[07:31:53] <federico3>	 Amir1: can i start the schema change in s8?
[09:02:27] <Amir1>	 federico3: go for it
[09:02:44] <Amir1>	 regarding es one, I would need to look at our docs
[09:02:50] <Amir1>	 or previous cases
[09:02:55] <Amir1>	 x1 	eqiad 	snapshot 	very_wrong_size 	11 hours ago 	307.9 GB 	-20.2 % 	The previous backup had a size of 385.8 GB, a change larger than 15.0%.
[09:02:55] <Amir1>	 		dump 	very_wrong_size 	1 day, 7 hours ago 	96.8 GB 	+17.5 % 	The previous backup had a size of 82.4 GB, a change larger than 15.0%. 
[09:03:50] <Amir1>	 I really think the increase is because of double compression. Is it possible to exclude a table from dump compression since it's already compressed?

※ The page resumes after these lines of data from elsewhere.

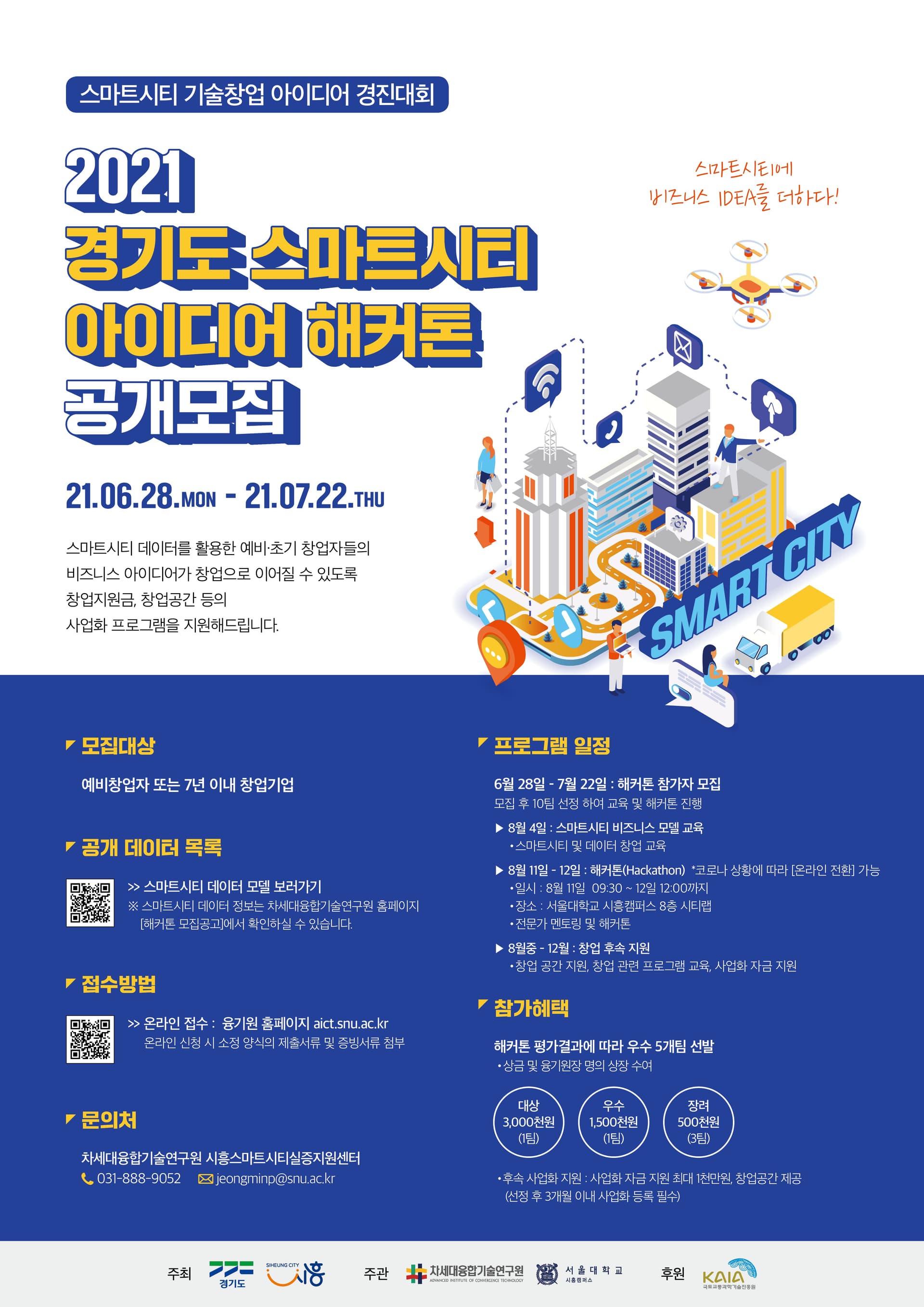 스마트시티 비즈니스 모델을 발굴하기위해 「2021 경기도 스마트시티 아이디어 해커톤(Hackathon)」 경진대회를 개최하고자 합니다.
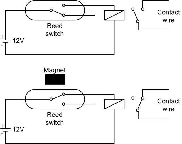 El esquema muestra como conectar. Estoy mostrando un interruptor reed con un contacto alterno, que esto puede ser útil, aunque el relé generalmente también tiene un contacto alterno. Usted puede elegir si quiere el coche para funcionar con o sin el imán eligiendo otro contacto en el interruptor de láminas o el relé.
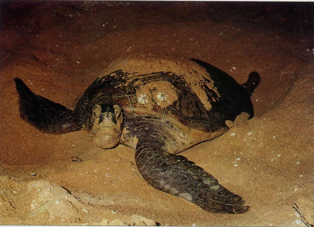 重可達三百磅的綠蠵龜,除繁殖期,平日生活於大海,途中上岸產卵的母龜,身上已附生貝類。(葉銘源)
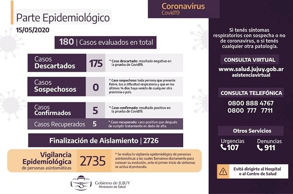 El registro histórico permanece en 5 casos positivos, todos ellos importados y recuperados. De esta manera, Jujuy sostiene su condición de provincia sin circulación viral comunitaria.
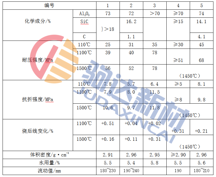 表1-1 出鐵溝用自流耐火澆注料的性能
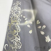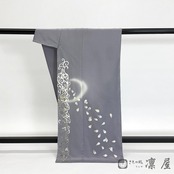 薄鼠といいましょうか、落ち着きのあるブルーグレーの地色に、引き染めのぼかし技法にて施された上前衽の「月の輪」が非常に印象的です。輝く月の明かりによって空がほのかに明るみ、鈍い青の空が広がるような情景のひときわ個性的な訪問着です。
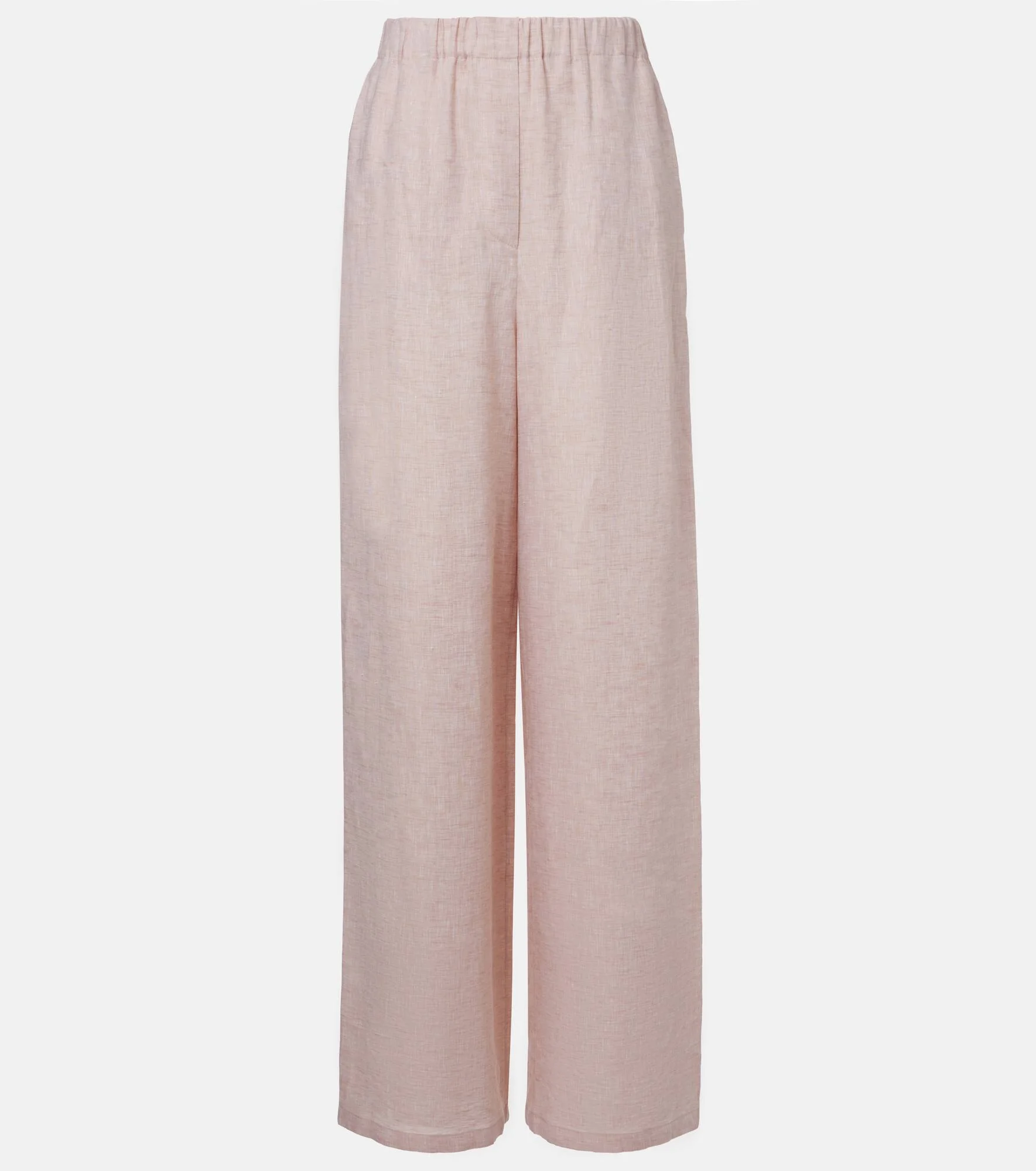 Breathe a fresh breeze into your warm-weather wardrobe with the Valerio pants from Loro Piana. Cut to a fluid wide-leg silhouette, this style flows effortlessly with every step. Product Details - Material: 100% linen - Care instructions: machine wash at 30 degrees - Made in Italy - Designer color name: Ceramic Rose - Item color: pink - Pockets: side slit pockets - Fit: wide-leg - Elasticated waistband - Item number: P01081835 Size & Fit - True to size - Elasticated waist - Non-stretchy fabric - Wide-leg - The model seen in the picture is 178cm-5'10" and wearing a size IT 40
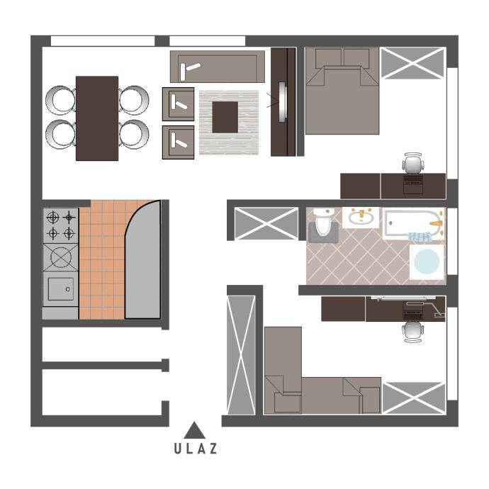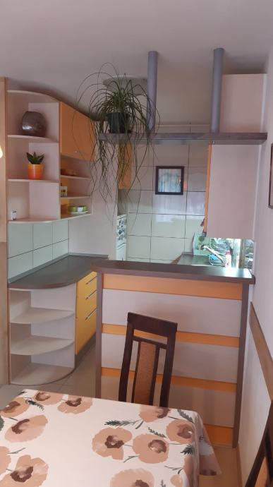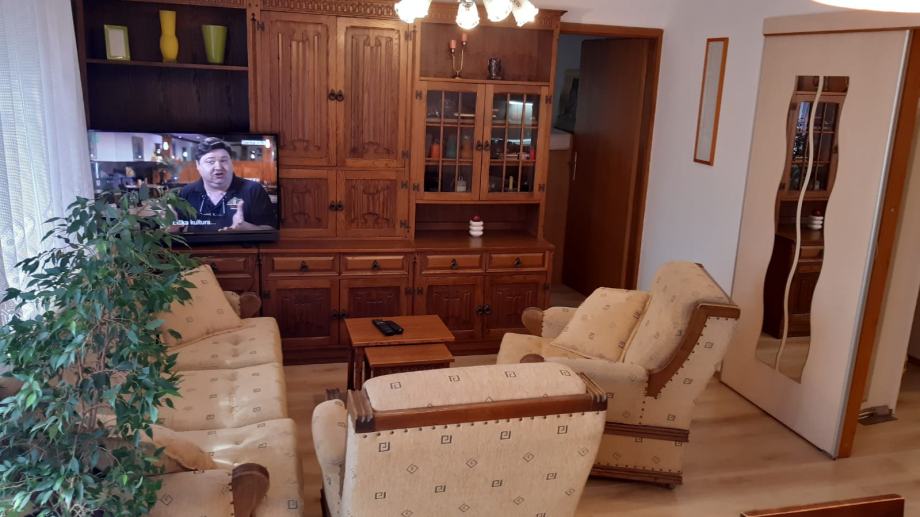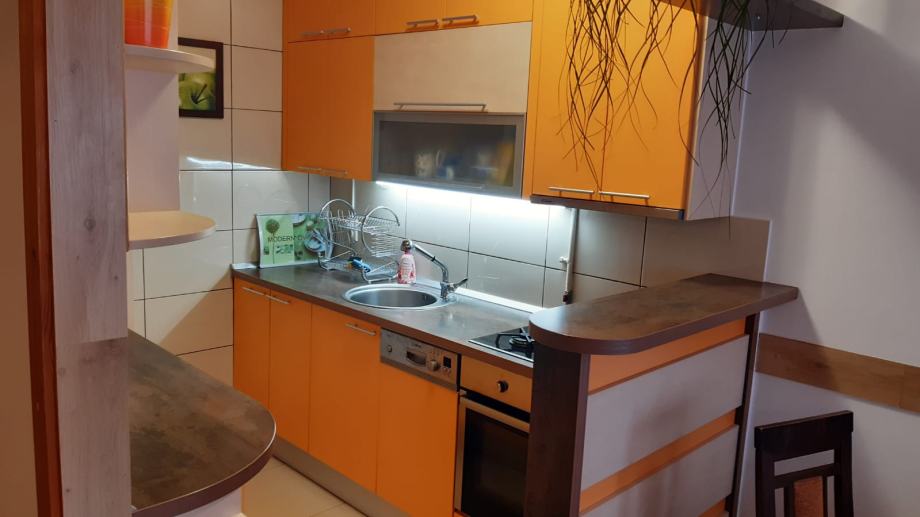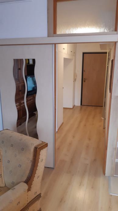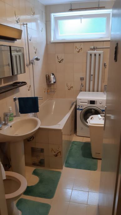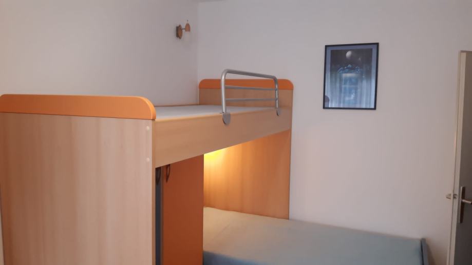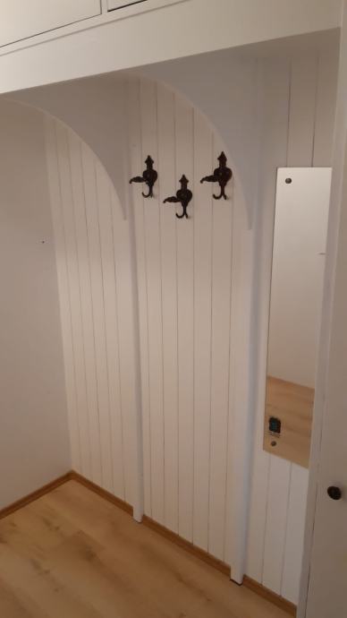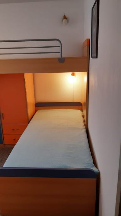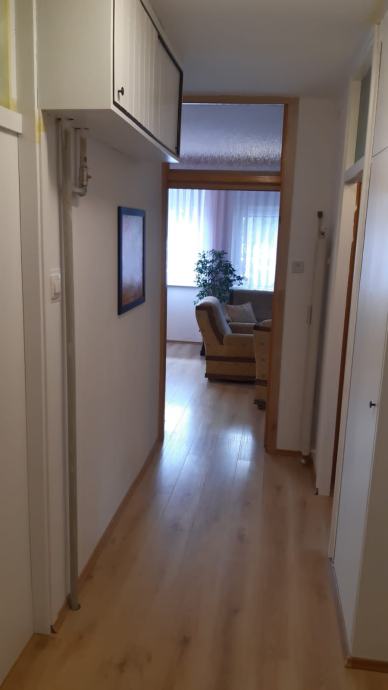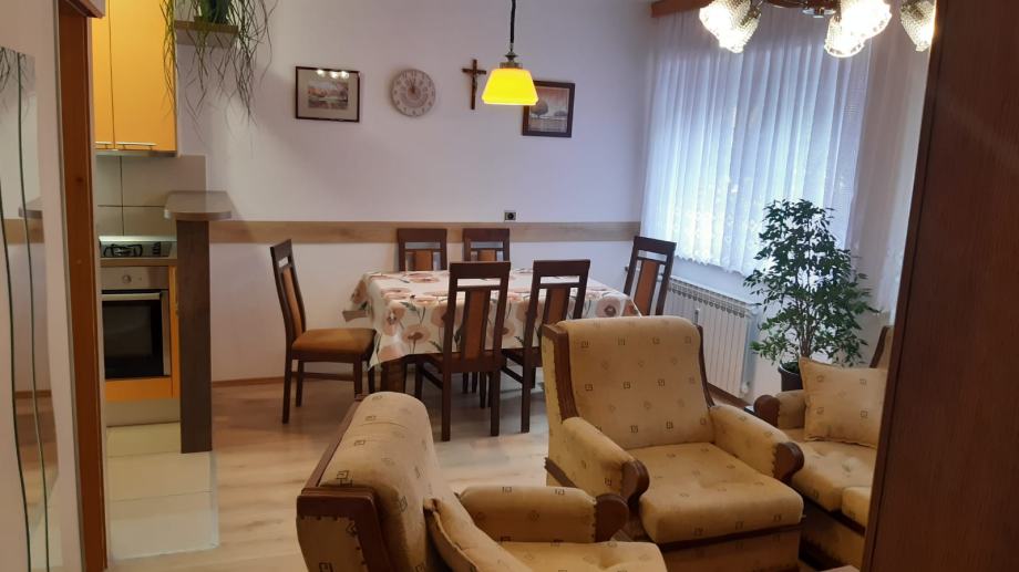Sastoji se od ulaznog hodnika s garderobom i ostavom, dnevnog boravaka i kuhinje s blagavaonicom, dvije spavaće sobe, kupaonice s WC-om. Potpuno je namješten. Ima klima uređaj, PVC stolariju, protuprovalna vrata, portafon.
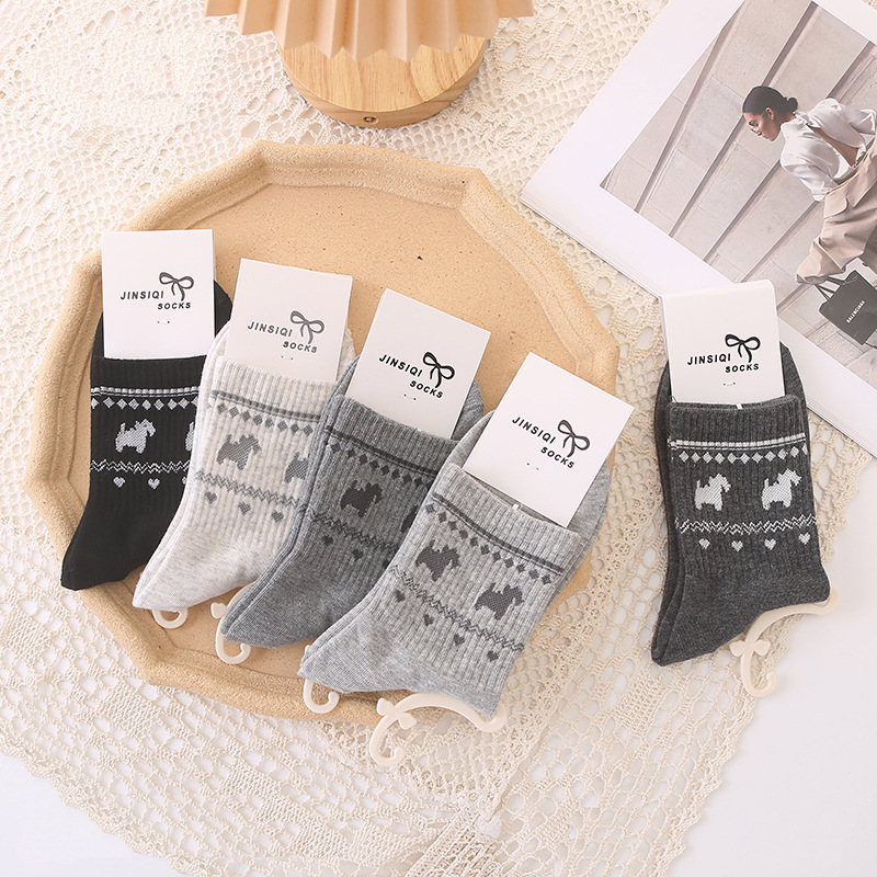 가을 겨울 신상 여성 중목 양말 페어 아일 만화 스포츠 양말 통기성 귀여운 커피색 면 양말 도매

[09:04:52] <Amir1>	 Also ^_^
[09:04:53] <Amir1>	 s4 	eqiad 	snapshot 	wrong_size 	4 hours ago 	1.8 TB 	-5.4 % 	The previous backup had a size of 1.9 TB, a change larger than 5.0%. 
[09:04:58] <Amir1>	 (categorylinks)
[09:05:01] <federico3>	 i grew the xfs partition manually for now - my question is if we need to open a bug to a different team for the host provisioning or we want to do the repartitioning on new hosts
[09:54:57] <Amir1>	 https://www.irccloud.com/pastebin/epMuFJtr/
[09:55:14] <Amir1>	 The script is deleting these thumbnail sizes (and it continues in both directions)
[10:00:34] <federico3>	 uh?
[10:04:44] <federico3>	 I restarted ferm but /var/lib/prometheus/node.d/check_ferm_active.prom is still stale, is there any other known workaround?
[10:05:31] <jynus>	 It would be extremelly special to have an exception like that
[10:07:27] <federico3>	 uh?
[10:07:44] <jynus>	 I am answering amir
[10:10:11] <Amir1>	 jynus: noted, no big deal. I'm asking them to move it to ES anyway, it'll change
[10:13:25] <federico3>	 I'm seeing nrpe2nodexp-ferm_active logging out an error around permissions for /var/lib/prometheus/node.d - I'm not seeing bug reports for this in phab - has anyone seen this before?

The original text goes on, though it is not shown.